Splunk contains three processing components:

The Indexer parses and indexes data added to Splunk.
The Forwarder (optional) sends data from a source.
The Search Head is for searching, analyzing, visualizing, and summarizing your data.

Search Language in Splunk

Splunk uses what’s called Search Processing Language (SPL), which consists of keywords, quoted phrases, Boolean expressions, wildcards (*), parameter/value pairs, and comparison expressions. Unless you’re joining two explicit Boolean expressions, omit the AND operator because Splunk assumes the space between any two search terms to be AND.

Basic Search offers a shorthand for simple keyword searches in a body of indexed data myIndex without further processing:

index=myIndex keyword

An event is an entry of data representing a set of values associated with a timestamp. It can be a text document, configuration file, or entire stack trace. Here is an example of an event in a web activity log:

[10/Aug/2022:18:23:46] userID=176 country=US paymentID=30495

Search commands help filter unwanted events, extract additional information, calculate values, transform data, and statistically analyze the indexed data. It is a process of narrowing the data down to your focus. Note the decreasing number of results below:

Finding entries without IPv4 address on sample data

Common Search Commands

Command	Description
`chart, timechart`	Returns results in a tabular output for (time-series) charting
`dedup X`	Removes duplicate results on a field X
`eval`	Calculates an expression (see Calculations)
`fields`	Removes fields from search results
`head/tail N`	Returns the first/last N results, where N is a positive integer
`lookup`	Adds field values from an external source
`rename`	Renames a field. Use wildcards (*) to specify multiple fields.
`rex`	Extract fields according to specified regular expression(s)
`search`	Filters results to those that match the search expression
`sort X`	Sorts the search results by the specified fields X
`stats`	Provides statistics, grouped optionally by fields
`mstats`	Similar to stats but used on metrics instead of events
`table`	Displays data fields in table format.
`top/rare`	Displays the most/least common values of a field
`transaction`	Groups search results into transactions
`where`	Filters search results using eval expressions. For comparing two different fields.

SPL Syntax

Begin by specifying the data using the parameter index, the equal sign =, and the data index of your choice: index=index_of_choice.

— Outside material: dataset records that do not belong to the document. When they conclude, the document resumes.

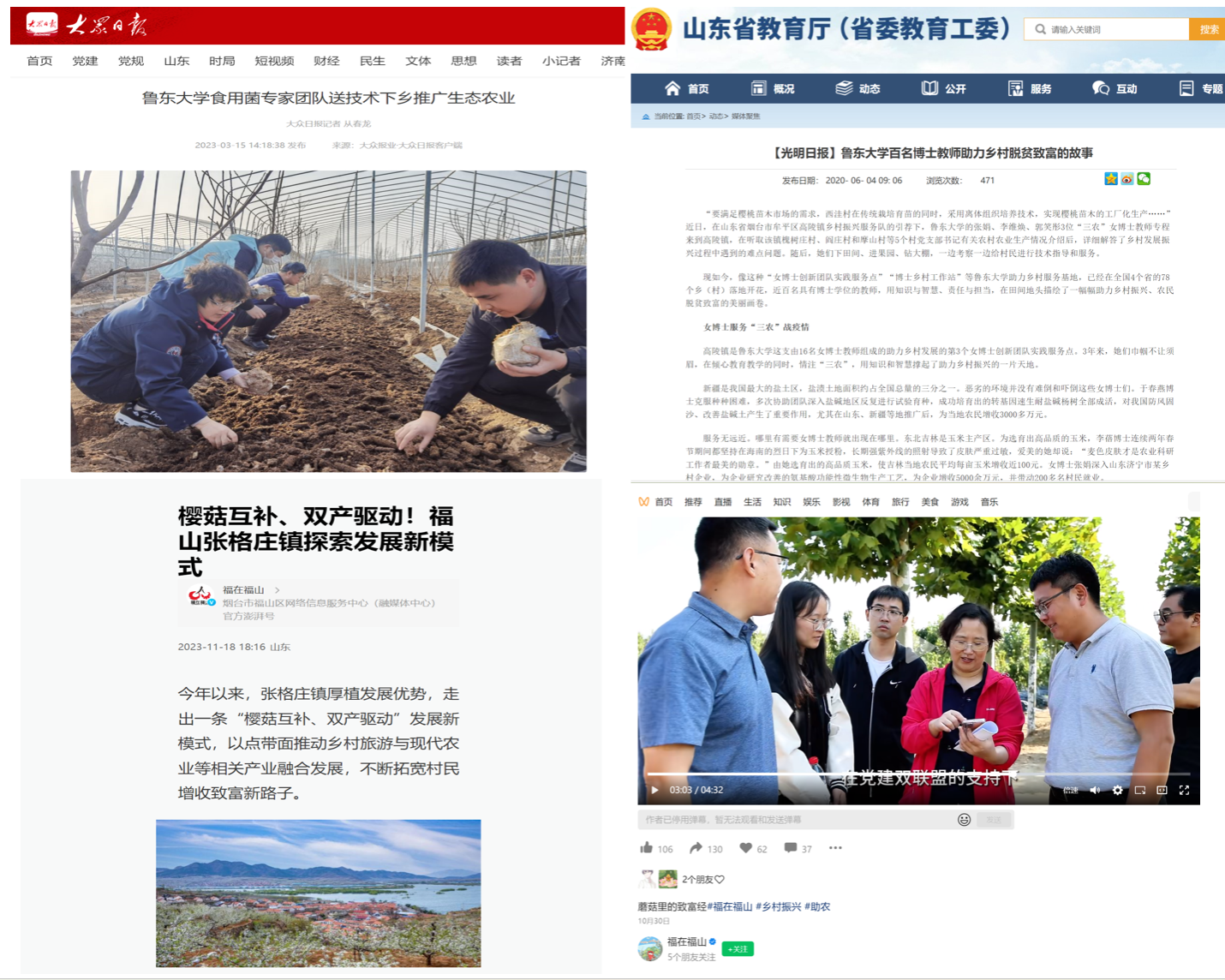 鲁东大学食用菌创新志愿服务队推广大球盖菇技术的新闻报道
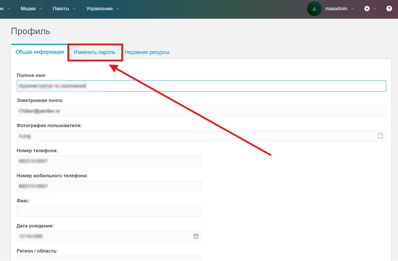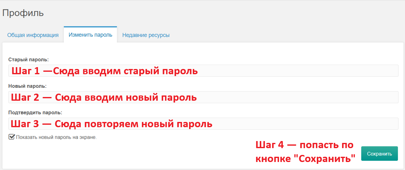 Перейдя в профиль, откроется ваша общая информация, а сверху вы найдете разделы: “Общая информация”, “Изменить пароль”, “Недавние ресурсы”. Как вы могли догадаться, нас интересует вкладка “Изменить пароль”, скорее нажимайте на нее!
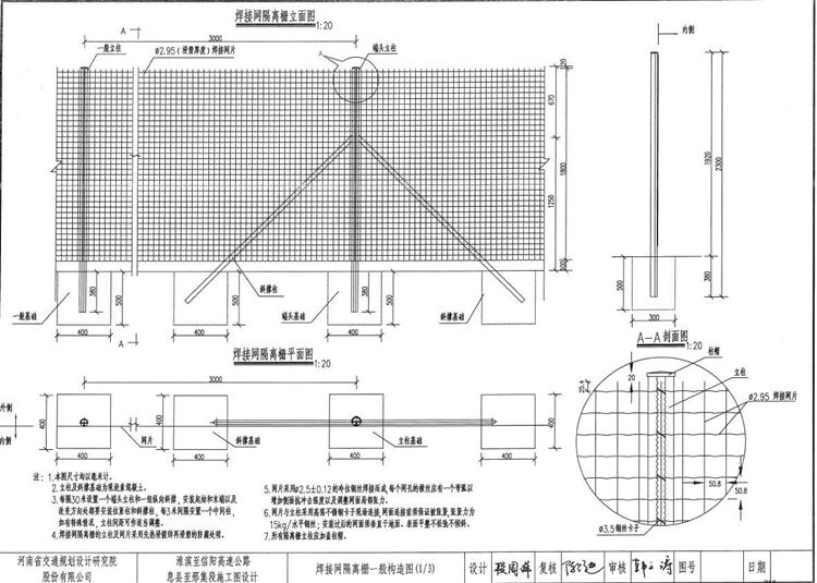 2.焊接網(wǎng)隔離柵立柱及斜撐基礎(chǔ)為現(xiàn)澆素混凝土。
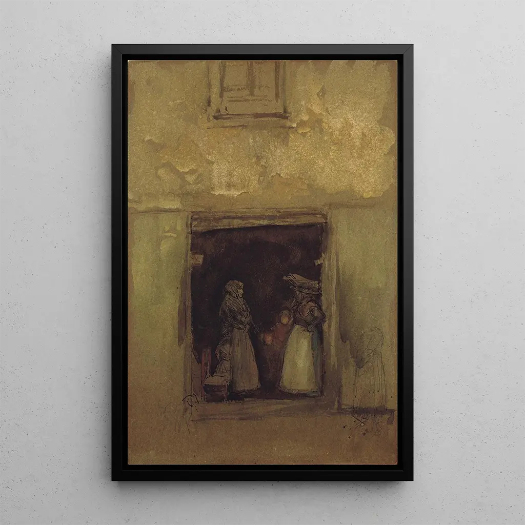 Les Commères, una impresión artística emblemática de James Abbott McNeill Whistler, nos sumerge en una escena animada donde figuras femeninas participan en una conversación animada. La composición está cuidadosamente diseñada, cada personaje ocupa un lugar preciso, creando así un equilibrio visual. Los colores, brillantes y variados, evocan una atmósfera cálida y acogedora, mientras que la técnica de Whistler, que combina impresionismo y realismo, da vida a cada detalle. Esta impresión artística invita al espectador a adentrarse en la intimidad de la escena, a sentir la energía de los intercambios y a apreciar la belleza de las interacciones humanas.

Complex queries involve the pipe character |, which feeds the output of the previous query into the next.

Basic Search

This is the shorthand query to find the word hacker in an index called cybersecurity:

index=cybersecurity hacker

SPL search terms	Description
Full Text Search
`Cybersecurity`	Find the word “Cybersecurity” irrespective of capitalization
`White Black Hat`	Find those three words in any order irrespective of capitalization
`"White Black+Hat"`	Find the exact phrase with the given special characters, irrespective of capitalization
Filter by fields
`source="/var/log/myapp/access.log" status=404`	All lines where the field status has value `404` from the file `/var/log/myapp/access.log`
`source="bigdata.rar:*" index="data_tutorial" Code=RED`	All entries where the field Code has value RED in the archive bigdata.rar indexed as `data_tutorial`
`index="customer_feedback" _raw="excellent"`	All entries whose text contains the keyword “excellent” in the indexed data set `customer_feedback`
Filter by host
`host="myblog" source="/var/log/syslog" Fatal`	Show all `Fatal` entries from `/var/log/syslog` belonging to the blog host `myblog`
Selecting an index
`index="myIndex" password`	Access the index called `myIndex` and text matching `password`.
`source="test_data.zip:*"`	Access the data archive called `test_data.zip` and parse all its entries `(*)`.
`sourcetype="datasource01"`	(Optional) Search data sources whose type is `datasource01`.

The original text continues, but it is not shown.